2022 film by Nadine Crocker

Continue (stylized as cont;nue) is a 2022 American psychological drama film written and directed by Nadine Crocker. It stars Crocker, Shiloh Fernandez, Lio Tipton, Kat Foster, Annapurna Sriram, Dale Dickey, and Emily Deschanel.

==Plot==
A girl suffering from depression is forced to get her life together when she is taken involuntarily to a mental institution after trying to follow in her fathers footsteps, but failing her suicide attempt. She finds unlikely friends, unwavering love, and a life she never imagined possible for a girl like her. All to find out some decisions can't be undone.
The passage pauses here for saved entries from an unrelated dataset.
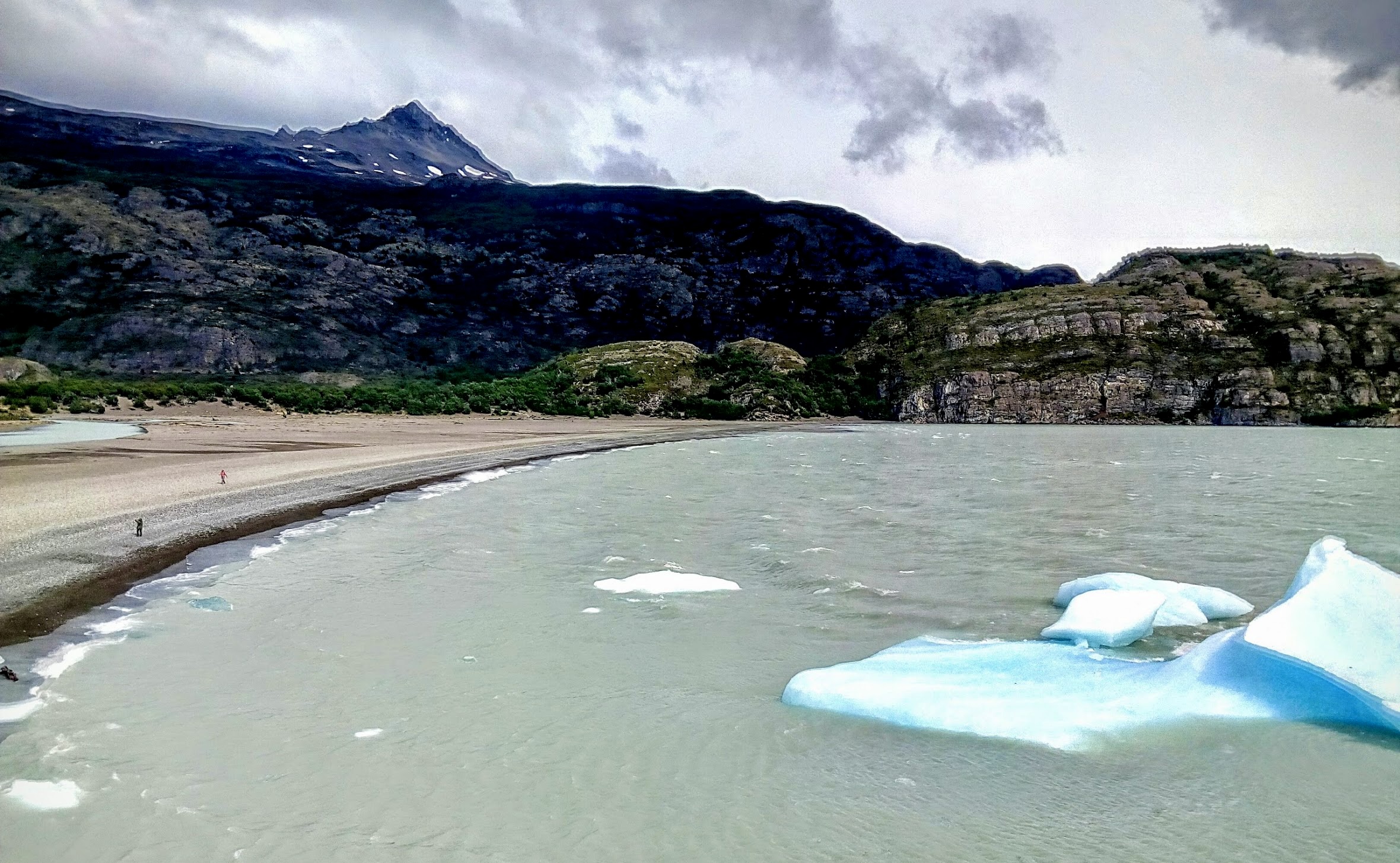 La primera parada elige una playa. De arena negra, larga, anchísima y ventosa, el agua del lago Grey la peina constantemente con unos invitados también siempre presentes: los témpanos de hielo que se desprenden del glaciar que lleva el mismo nombre.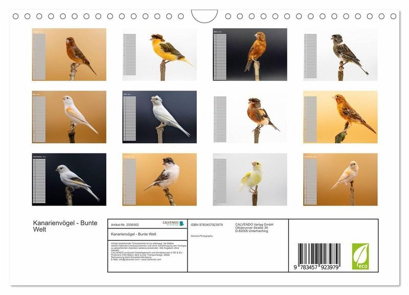QUALITÄT - Hochwertiger Fotokalender mit 12 wunderschönen Motiven auf lichtbeständigem Bilderdruckpapier, robuste Spiralbindung mit Aufhängebügel.NACHHALTIG - deutliche Abfallreduzierung durch bedarfsgerechte Einzelstückfertigung, umweltfreundliches FSC-zertifiziertes Papier, Produktion in Deutschland, klimabewusste Logistik.PERFEKTES GESCHENK - Kalender für Freunde und Familie, für Kinder und Erwachsene, jung und alt, zu Weihnachten, Geburtstag oder zwischendurch.VIELFALT - Bildkalender in verschiedenen Formaten, z.B. DIN A5, DIN A4, DIN A3 sowie DIN A2. Ob Naturmotiv, Gemälde oder Fotos, ideal für ein persönliches Wohlfühlambiente.Wunderschöne Bilder, welche die ganze bunte Vielfalt der Kanarienvögel zeigen von Autor(in): Andreas Kretschmar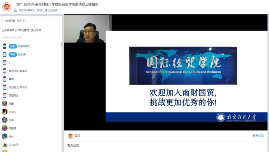 5月15日,6月24日,在中国教育在线直播平台,教育部青年长江学者余泳泽教授开展了招生直播咨询会,学院党委副书记季霞开展天津市综合场高校招生政策解读网络咨询会,在线人数超过5000余人。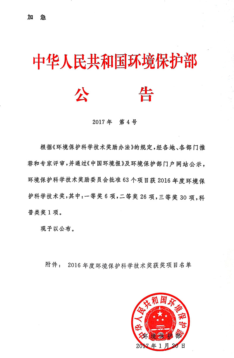 熱烈祝賀廣東威迪科技股份有限公司(股票代碼:870419)榮獲2016年環(huán)境保護(hù)科學(xué)技術(shù)獎(jiǎng)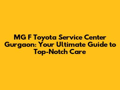 Hey guys! Are you an MG F Toyota owner in Gurgaon? Finding a reliable service center that truly understands your car can feel like searching for a hidden treasure. You want a place that not only fixes your car but also treats it with the care it deserves, right? Well, you're in luck! This guide will be your go-to resource, giving you the lowdown on the best MG F Toyota service centers in Gurgaon. We'll cover everything from what to look for, to what services they offer, and even how to snag the best deals. Buckle up, because we're about to dive deep into the world of MG F Toyota car care in Gurgaon!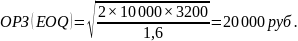 Оптимальный средний размер запаса данного вида товара будет равен 10 000 руб. (20 000 : 2 ).

You only get one life.

==Cast==
- Nadine Crocker as Dean
- Shiloh Fernandez as Trenton
- Lio Tipton as Bria
- Anthony Caravella as Jackson
- Emily Deschanel as Janet
- Annapurna Sriram as Taryn
- Kat Foster as Bennett
- Dale Dickey as Nurse Love
- Jay Seals as Carter

==Release==
The film was released at the Cinequest Film & Creativity Festival on August 20, 2022. It was released in the United States on September 6, 2024.

==Reception==

Rob Rector of Film Threat rated the film a 9 out of 10. Randy Myers of The Mercury News gave the film a positive review and wrote, "In this uncompromising depiction of coming back after a suicide attempt, actor/writer Nadine Crocker takes us on a brutal odyssey that covers sensitive topics with candor."